# WORK INSTRUCTION
Leaving out pictures, output exactly the lines below from the one that has "У часов нет" through the one that has "The Nike x Martine", and nothing else.

# WORKING DATA
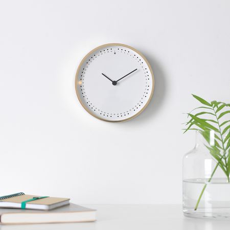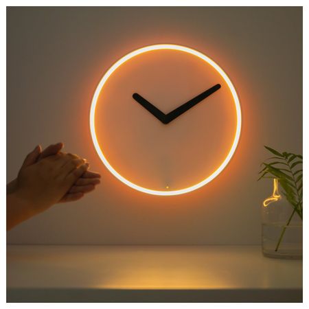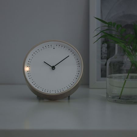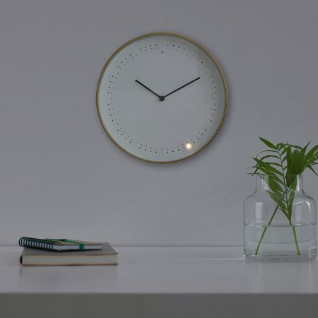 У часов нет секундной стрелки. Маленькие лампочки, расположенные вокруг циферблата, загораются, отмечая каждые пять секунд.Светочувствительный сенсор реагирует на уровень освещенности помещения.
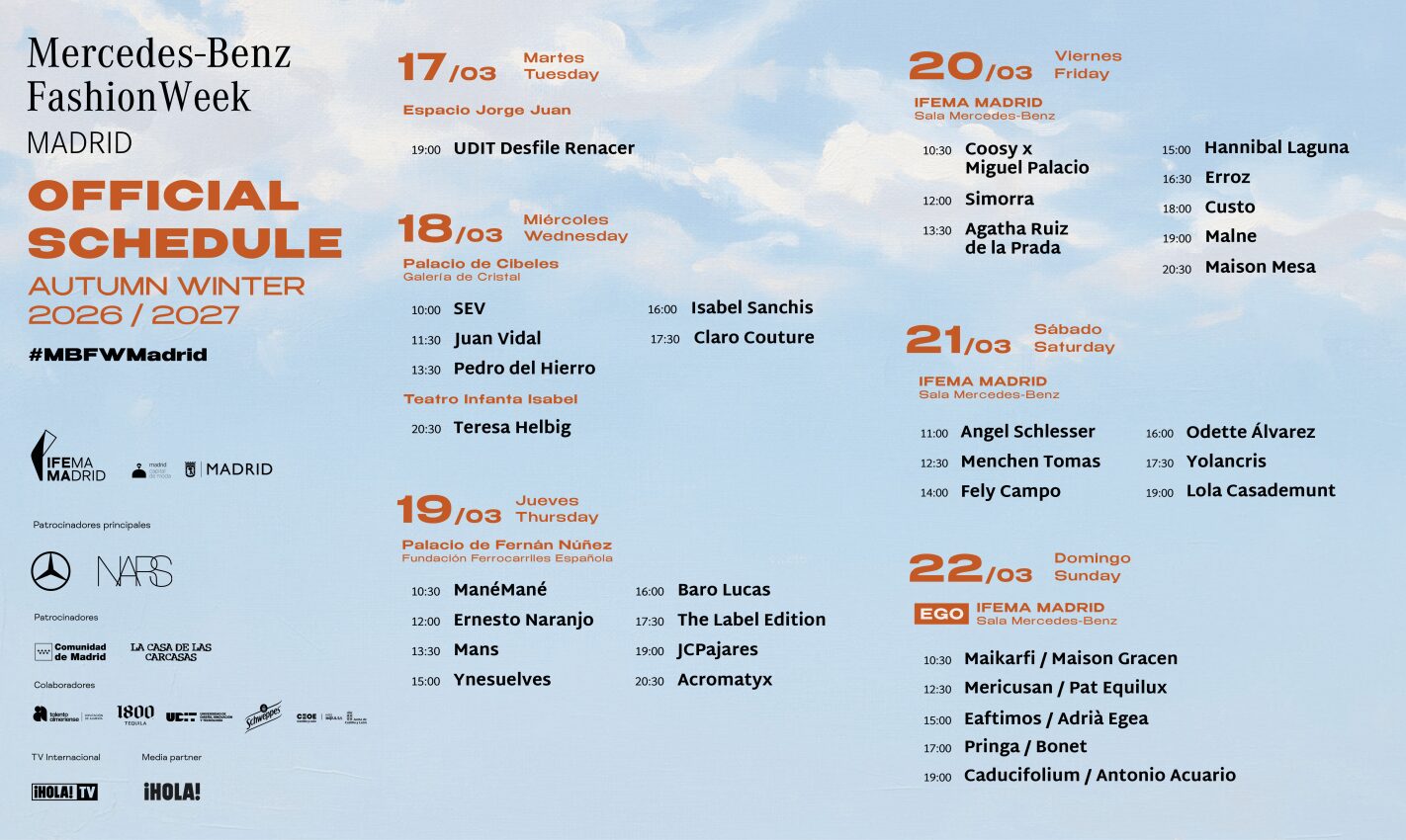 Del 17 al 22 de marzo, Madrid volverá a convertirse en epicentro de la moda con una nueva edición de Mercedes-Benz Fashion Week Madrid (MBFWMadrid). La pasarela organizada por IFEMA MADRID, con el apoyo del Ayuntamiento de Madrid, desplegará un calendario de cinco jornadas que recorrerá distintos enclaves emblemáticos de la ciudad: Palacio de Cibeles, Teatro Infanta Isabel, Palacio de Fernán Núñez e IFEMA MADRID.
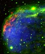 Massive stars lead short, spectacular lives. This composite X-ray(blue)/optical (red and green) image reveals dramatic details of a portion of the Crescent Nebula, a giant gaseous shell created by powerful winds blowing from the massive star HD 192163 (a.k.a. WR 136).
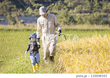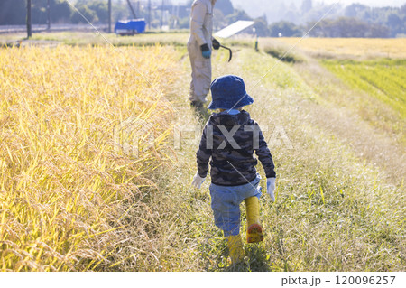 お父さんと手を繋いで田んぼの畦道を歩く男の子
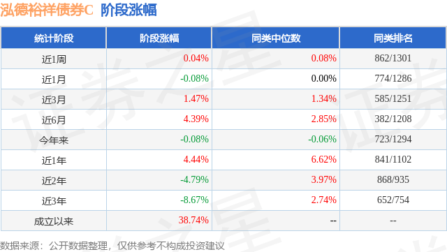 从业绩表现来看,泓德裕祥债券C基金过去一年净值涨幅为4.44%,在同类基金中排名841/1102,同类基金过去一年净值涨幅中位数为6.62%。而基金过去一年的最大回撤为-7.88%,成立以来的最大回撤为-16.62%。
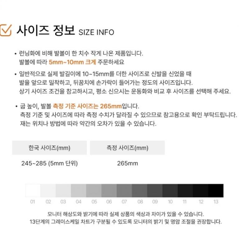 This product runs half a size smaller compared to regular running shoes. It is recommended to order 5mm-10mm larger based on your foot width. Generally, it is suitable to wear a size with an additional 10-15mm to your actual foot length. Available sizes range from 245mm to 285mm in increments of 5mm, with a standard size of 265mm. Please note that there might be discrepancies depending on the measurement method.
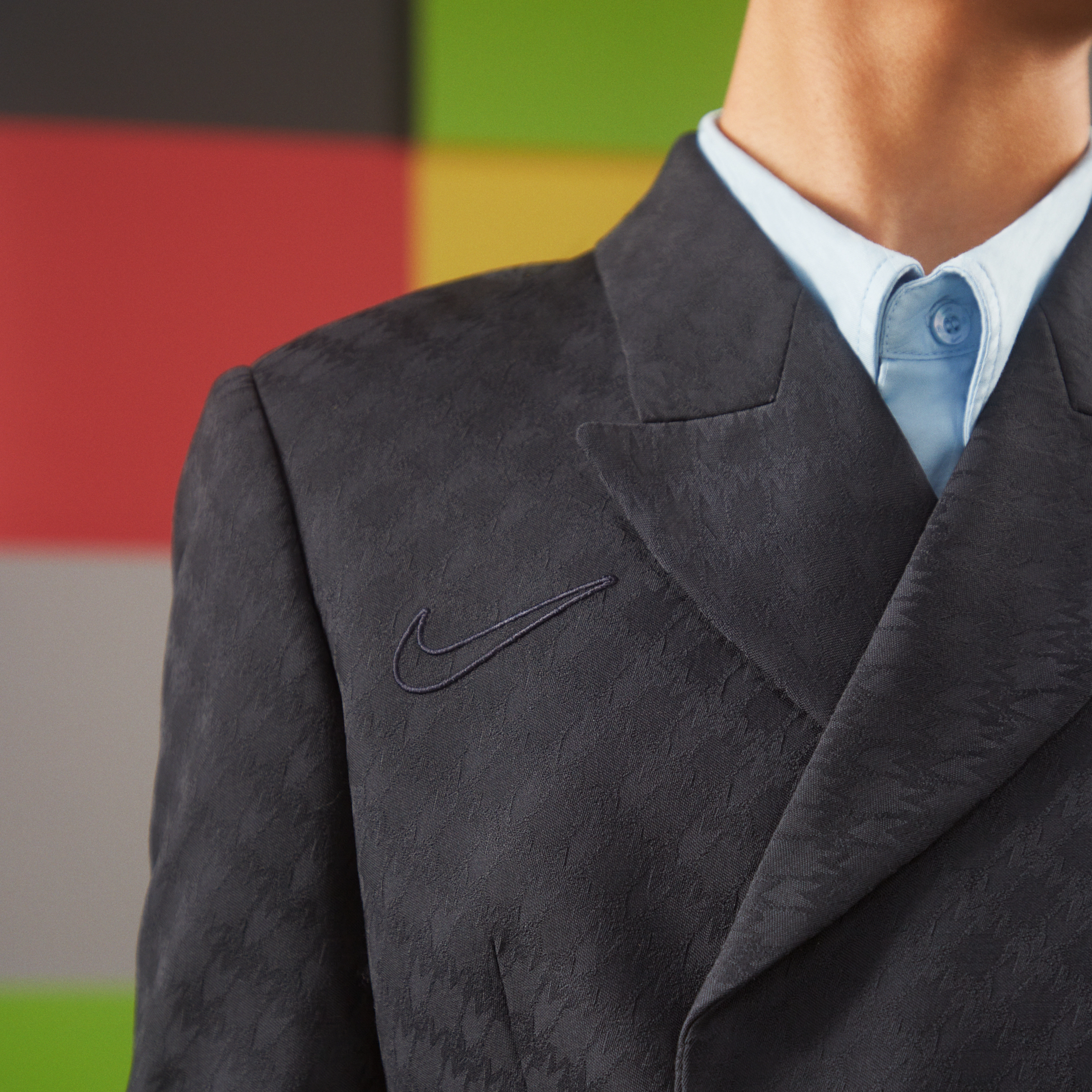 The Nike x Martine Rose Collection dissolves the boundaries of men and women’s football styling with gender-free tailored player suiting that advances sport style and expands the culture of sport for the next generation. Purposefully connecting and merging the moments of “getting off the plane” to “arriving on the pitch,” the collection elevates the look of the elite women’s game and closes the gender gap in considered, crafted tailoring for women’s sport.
...
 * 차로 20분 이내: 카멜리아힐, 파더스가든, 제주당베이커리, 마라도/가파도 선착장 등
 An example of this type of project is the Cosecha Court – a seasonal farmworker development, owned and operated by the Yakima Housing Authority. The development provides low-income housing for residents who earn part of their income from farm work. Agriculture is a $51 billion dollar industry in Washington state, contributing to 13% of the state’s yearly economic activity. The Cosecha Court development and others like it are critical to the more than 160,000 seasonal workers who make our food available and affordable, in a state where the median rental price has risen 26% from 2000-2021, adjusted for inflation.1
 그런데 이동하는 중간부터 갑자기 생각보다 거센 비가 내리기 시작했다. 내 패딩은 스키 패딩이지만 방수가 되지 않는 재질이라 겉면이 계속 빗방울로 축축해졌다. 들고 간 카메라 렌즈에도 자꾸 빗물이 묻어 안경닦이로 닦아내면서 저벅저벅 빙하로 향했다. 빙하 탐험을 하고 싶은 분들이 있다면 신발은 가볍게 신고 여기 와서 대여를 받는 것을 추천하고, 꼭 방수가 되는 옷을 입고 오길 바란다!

# WRITTEN SOLUTION
 У часов нет секундной стрелки. Маленькие лампочки, расположенные вокруг циферблата, загораются, отмечая каждые пять секунд.Светочувствительный сенсор реагирует на уровень освещенности помещения.
 Del 17 al 22 de marzo, Madrid volverá a convertirse en epicentro de la moda con una nueva edición de Mercedes-Benz Fashion Week Madrid (MBFWMadrid). La pasarela organizada por IFEMA MADRID, con el apoyo del Ayuntamiento de Madrid, desplegará un calendario de cinco jornadas que recorrerá distintos enclaves emblemáticos de la ciudad: Palacio de Cibeles, Teatro Infanta Isabel, Palacio de Fernán Núñez e IFEMA MADRID.
 Massive stars lead short, spectacular lives. This composite X-ray(blue)/optical (red and green) image reveals dramatic details of a portion of the Crescent Nebula, a giant gaseous shell created by powerful winds blowing from the massive star HD 192163 (a.k.a. WR 136).
 お父さんと手を繋いで田んぼの畦道を歩く男の子
 从业绩表现来看,泓德裕祥债券C基金过去一年净值涨幅为4.44%,在同类基金中排名841/1102,同类基金过去一年净值涨幅中位数为6.62%。而基金过去一年的最大回撤为-7.88%,成立以来的最大回撤为-16.62%。
 This product runs half a size smaller compared to regular running shoes. It is recommended to order 5mm-10mm larger based on your foot width. Generally, it is suitable to wear a size with an additional 10-15mm to your actual foot length. Available sizes range from 245mm to 285mm in increments of 5mm, with a standard size of 265mm. Please note that there might be discrepancies depending on the measurement method.
 The Nike x Martine Rose Collection dissolves the boundaries of men and women’s football styling with gender-free tailored player suiting that advances sport style and expands the culture of sport for the next generation. Purposefully connecting and merging the moments of “getting off the plane” to “arriving on the pitch,” the collection elevates the look of the elite women’s game and closes the gender gap in considered, crafted tailoring for women’s sport.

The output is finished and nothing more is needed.